Disassembly and Decoding of a Chicago Lock Padlock
Yes, Oldfast, there are gut shots.
Got two of these in the mail recently, only one of which has a key. Will have to make a key for one, and thought you might want a primer on disassembly and decoding of these locks.
This is the lock:
The key looks like this:
If you look at the key above, you can see that when one side’s cuts get deeper, the other side opposite goes shallower - the overall width of the key stays at about 7.5mm, shifting side to side. The problem with that for key making is that the full width of the blank will not fit into the lock, as the key blank is about 10mm wide. That means you can not simply impression a key for this lock. We will cover how to take care of that later.
First, open the lock. Use the key if you have it, or for more fun and excitement, pick it. (Very easy to do). Turn the plug just enough to unlock the shackle.
Now look into the hole where the toe of the shackle goes. You will see a square hole.
Now you will need a specialized tool. The wire diameter should be close to the size of the hole. Mine is made from a straightened out key ring.
Turn the plug back almost to the locked position. Insert the tool into the hole until it reaches the bottom of the lock, then lift it slightly. You can put it in shorter and try pushing in the clip (which you will see soon), but it is much easier to do it this way.
Now turn the plug with a tension wrench (or key). If the plug will not turn, pull the wire tool outwards a tiny bit and try again. At the end of the turning (this plug only turns clockwise to open), you will feel the plug become slightly springy.
Once you feel the turning become springy, push in with medium pressure on the tool to press on the shoulder of the plug. Keep turning the plug, and the wire will push the plug.
Ta-dah! The plug can now be removed.
Here is the plug:
This is the spring loaded plug retaining clip. This is what needs to be moved in to remove the plug.
And pushed in… (fgarci - stop laughing! )
From the top, the plug looks like this: Note how the wafers are higher than the sheer line on one half of the plug, and lower on the other. That will be explained shortly.
On any wafers that are raised (or lowered) above (or below) the sheer line, can be pushed to the other side as the key would do from the inside. They are spring loaded, so will return when you remove pressure.
And the top or bottom view of the plug. Note the tiny stake crimp in the center of the plug. You will need to use a small screwdriver to move that back outwards to continue.
On one side of the plug (we will call this side the top), you will see two notches to the front and rear of the wafer carrier.

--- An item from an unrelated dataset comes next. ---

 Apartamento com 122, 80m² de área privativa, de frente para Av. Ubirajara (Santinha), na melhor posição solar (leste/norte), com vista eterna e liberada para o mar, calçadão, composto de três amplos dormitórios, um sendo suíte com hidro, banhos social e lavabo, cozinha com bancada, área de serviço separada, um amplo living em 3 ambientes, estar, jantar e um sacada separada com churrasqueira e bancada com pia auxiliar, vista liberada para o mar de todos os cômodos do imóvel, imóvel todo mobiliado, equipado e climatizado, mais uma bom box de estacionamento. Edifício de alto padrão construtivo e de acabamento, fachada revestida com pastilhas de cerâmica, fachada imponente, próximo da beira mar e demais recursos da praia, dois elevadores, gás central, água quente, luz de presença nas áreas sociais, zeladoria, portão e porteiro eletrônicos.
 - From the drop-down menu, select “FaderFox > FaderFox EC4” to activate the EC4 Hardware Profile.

Those are where the spring can fit when removing the carrier.
From the bottom of the plug, use a punch or small screwdriver to push the wafer carrier up (towards the side with the notches).
A bit further up, and you can start to see the spring.

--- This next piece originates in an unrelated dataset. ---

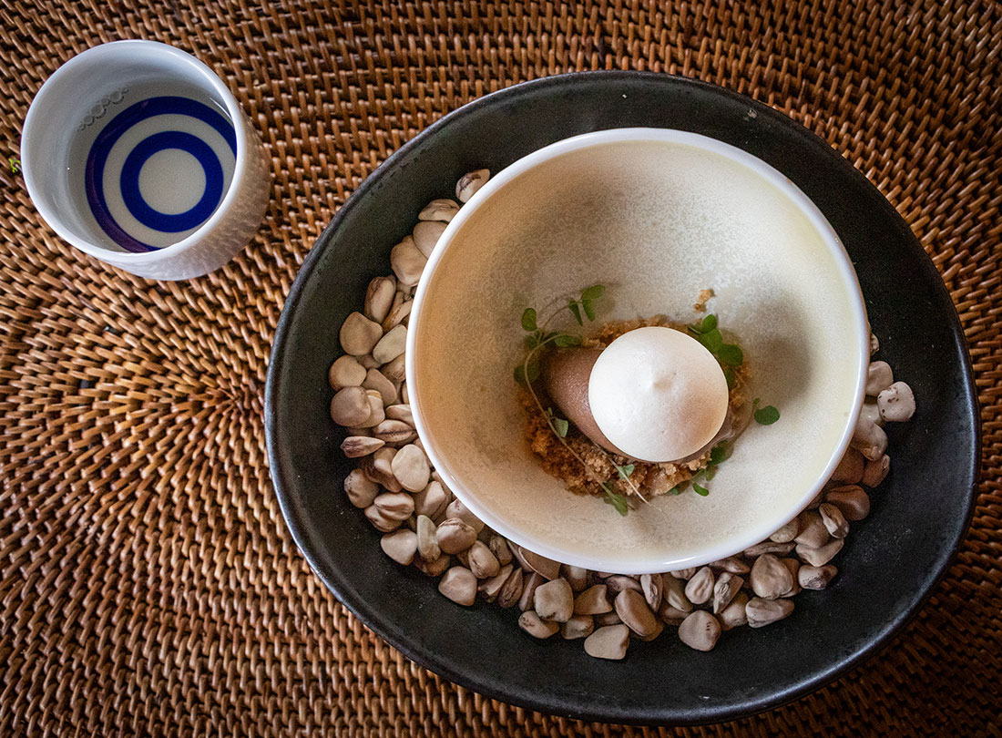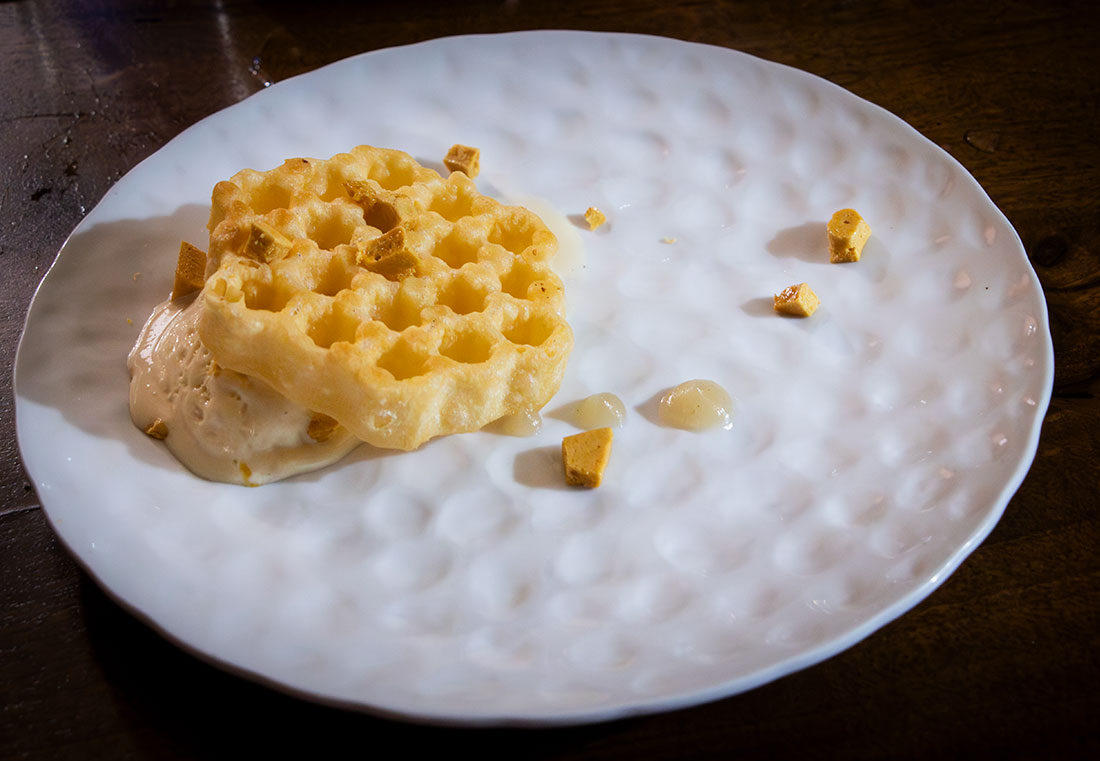 Restauranten ligger i hyggelige kælderlokaler i et aristokratisk stenpalæ, og her er både hyggeligt og intimt, ligesom tjenerne balancerer opmærksom service og diskretion til perfektion.

Most of the way out. Now you can see all of the spring, and how the ends fit into those slots pointed out above.
The empty plug
The wafer carrier, wafers and spring. The spring shape shows why half the wafers are up and the other half are down.

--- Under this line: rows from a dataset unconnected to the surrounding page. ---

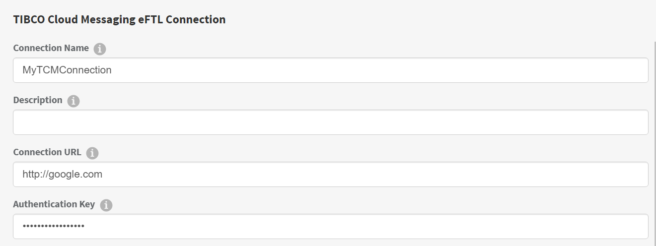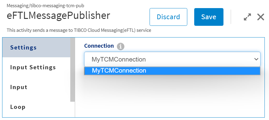 Once the connection is created, you can use it to configure the Connection field in an Activity. In the example below, the connection created above is being used to configure the Connection field of the TIBCO Cloud Messaging eFTL Connection Activity.
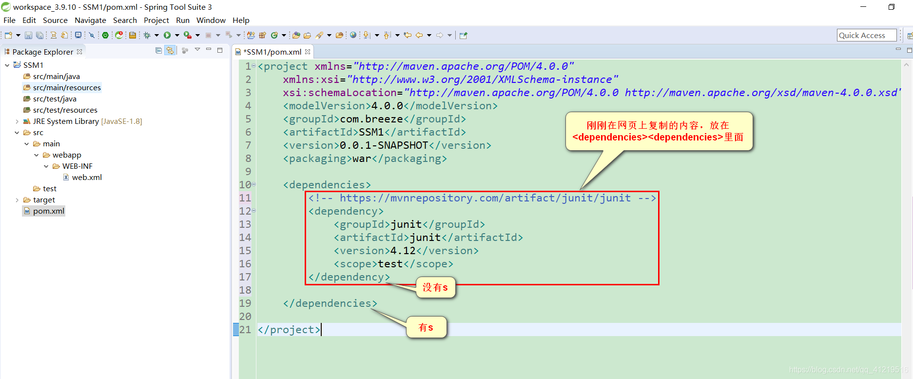 将方框内的代码复制下来,接下来打开pom.xml文件,如下图所示写一个<dependencies></dependencies>标签,依赖的坐标就往这个标签里面放,
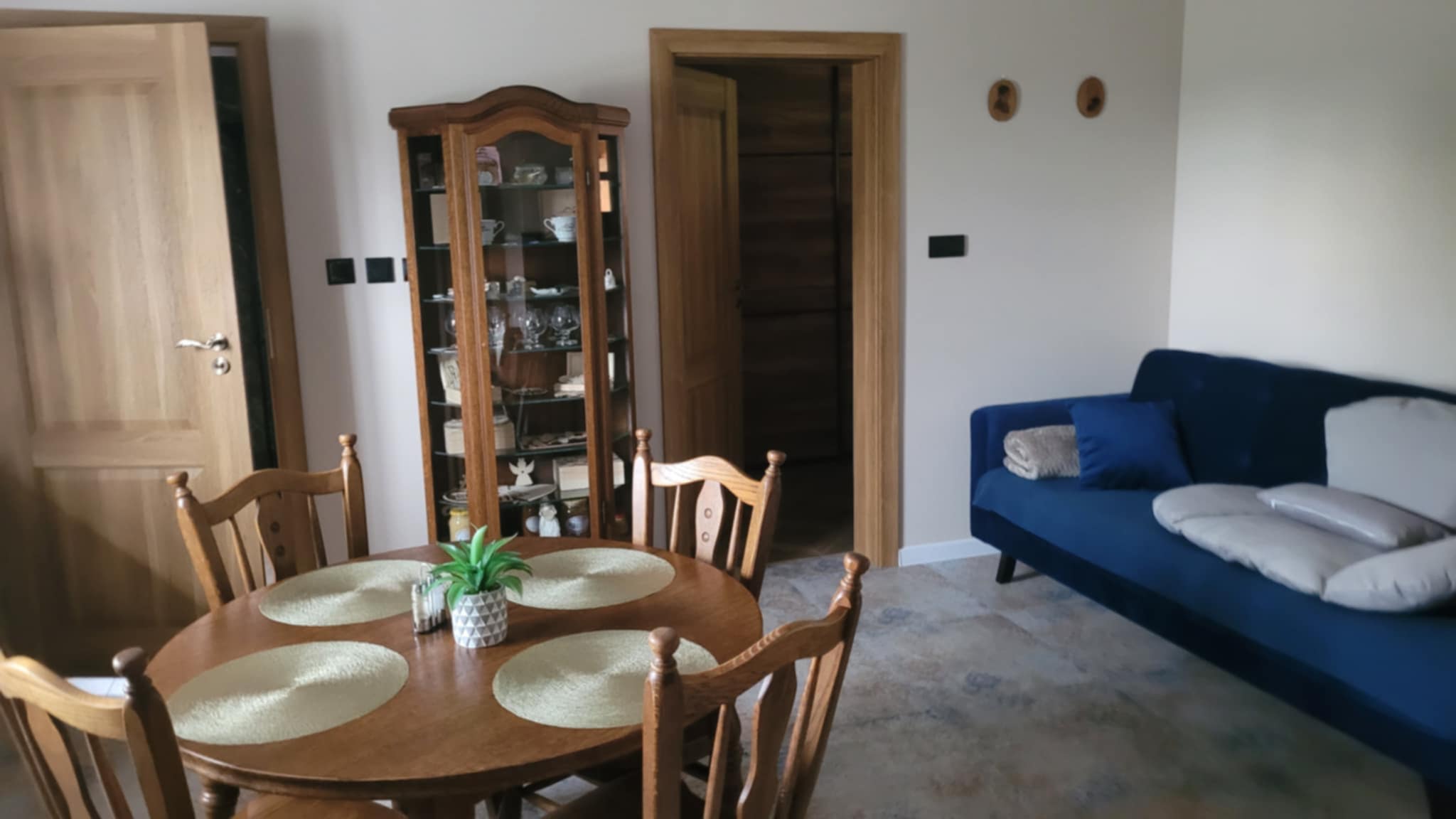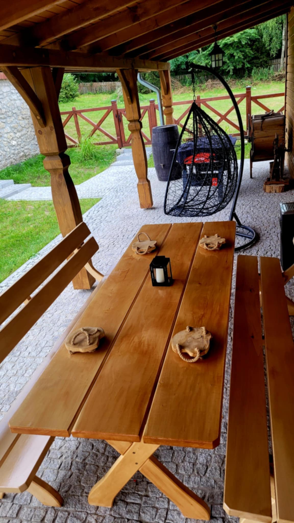 Domek wraz z całą działką pozostaje do wyłącznej dyspozycji Gości. Na terenie posesji dostępny jest bezpłatny parking na samochód. Działka jest duża i zielona – z tyłu znajduje się bezpośrednie wyjście do lasu, a po drugiej stronie drogi, około 100 metrów dalej, płynie rzeka Kamienna. Do dyspozycji Gości jest miejsce na grill i ognisko oraz domek zabawowy dla dzieci.
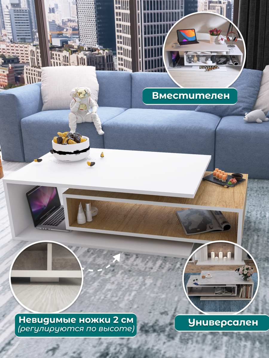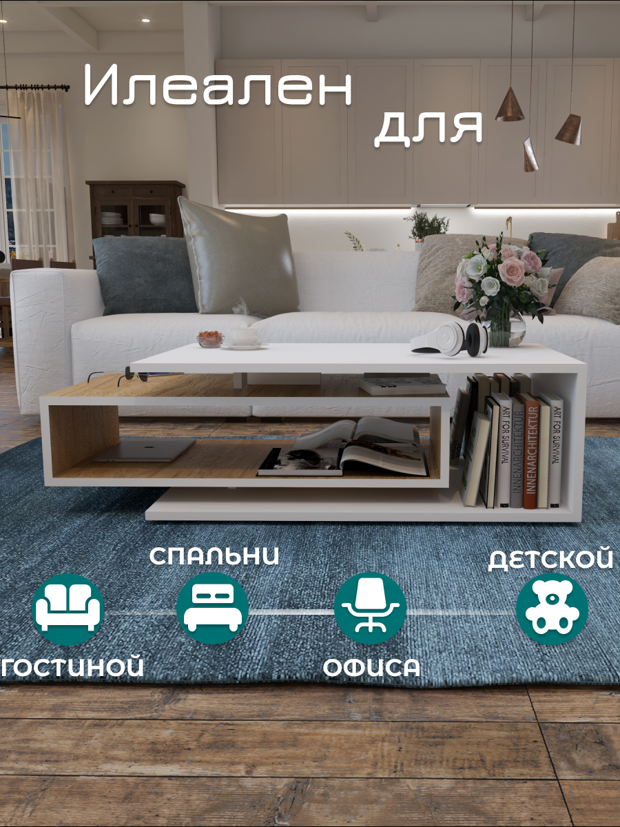 Журнальный стол Smart, белый/дуб, столик прикроватный, деревянный лофт, в спальню, в гостиную
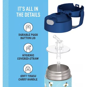 Com uma estampa encantadora de abelhas, a Garrafa Térmica Infantil Thermos Funtainer F410 vai conquistar o coração dos pequenos! Além disso, a tampa é cambiável e compatível com outras garrafas da linha Thermos Kids, permitindo que você personalize o conjunto com lancheiras e potes coloridos da marca.
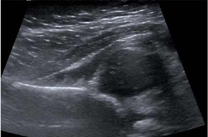 Ultrasonido mostrando cadera dislocada—cabeza de fémur fuera de alineamiento con la cuenca de la cadera.
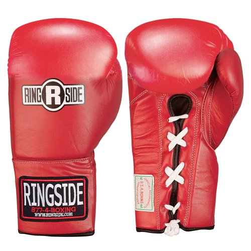 Studio : Ringside Publisher : Ringside Binding : Sports Product Description Ringside Amateur competition gloves feature a 4-layer foam system, required by USA Boxing, that provides maximum safety and increased shock absorbency. Attached thumbs protect eyes and help keep thumbs from being broken or sprained. Water resistant tricot lining. Traditional lace cuffs provide a secure fit and offer additional wrist support. 0
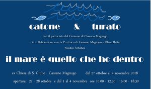 Cassano Magnago – “Il mare è quello che ho dentro” è la bi-personale di Massimo Turaro e Giuseppe Catone che da sabato 27 ottobre si apre all’ex chiesa S. Giulio. La matericità nei quadri e nelle installazioni di Turato incontrano la pittura istintiva e spontanea, dalla pennellata fluida di Catone. La mostra rimarrà in calendario sino al 4 novembre e sarà aperta al pubblico nei giorni 27 – 28 ottobre; dall’1 al 4 novembre dalle 10 alle 12.30 e dalle 15 alle 18.30.
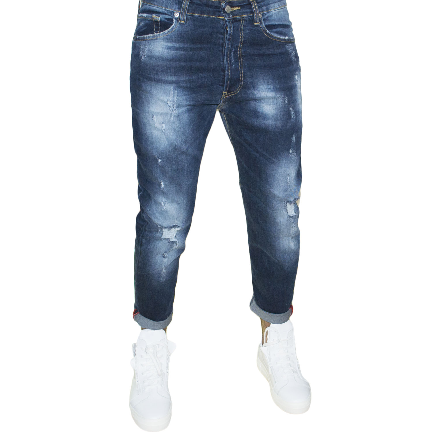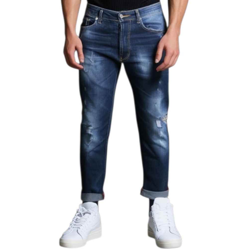Pantaloni denim 9023 raw edge Skinny fit. Chiusura con bottone e cerniera. Cinque tasche. Strappi sul ginocchio.
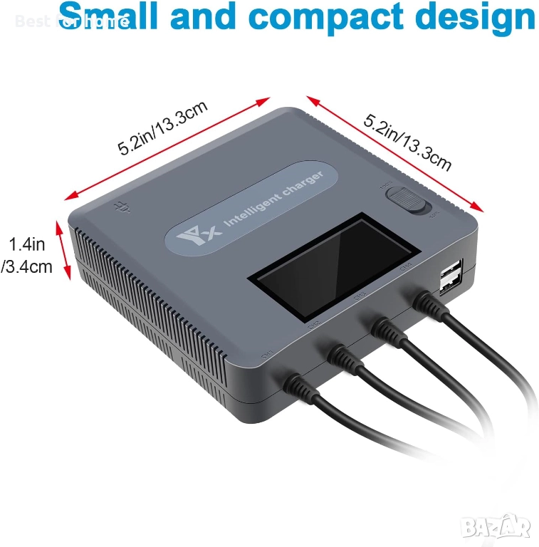 Вход: 110-240V; Изход: 13.2V/12.6V 8A (разклонение: 13.2V/12.6 2A, 2A, 2A, 2A); USB изход: 5V 3A

One side of the wafer carrier has the keyway profile that matches the plug keyway profile. This side goes towards the outside of the plug (against the plug keyway profile).
The other side of the wafer carrier, like the wafers themselves, has a simple slot cut in it.
Inside the lock body, you can see the cam that turns to unlock the padlock. This does not move a locking dog - it has a lip that meshes with the shackle, so this lock can not be shimmed open.
Now remove the spring from the wafer carrier/wafers.
Now to decode. This is much easier than you might think! Use a flat piece of metal (the back of a pick, or in this case simply a piece of wiper insert) inside the keyway to push everything down from the inside of the keyway. Be sure that, from the outside edges, you push up the wafers so all the wafers sit against the wiper insert on the inside of the wafers.
Now you simply trace the pattern of the wafers and cut them onto a blank! Could not take a picture with my phone and lay the key on the picture of the wafers at the same time, so a co-worker loaned me their phone so I could take the next two shots.
Have a key for this particular lock, so you can see how this method shows you the cuts of the key with out any fuss.
Since the wiper insert is not centered in the keyway, you can see the wafer carrier sticking out the bottom of the picture above. And had to have a little of the wafers sticking out above/below the key so you could see how accurately the wiper insert/flat pick method of decoding the key works. You can trace the pattern onto paper, and glue it to a blank, then cut or file the key.
To install the plug, put the plug into the hole, and turn it clockwise so the post that stops the plug from turning forces the retaining clip into the plug. The plug will then drop into the lock. Keep pressing the plug inwards until it stops just short of fully being seated. Then turn the plug more (clockwise) while pressing in the plug, and it will drop the rest of the way, the retaining clip popping into place auto-magically. Then reassembly is done!
Hope this answers some of your questions. If not, then ask!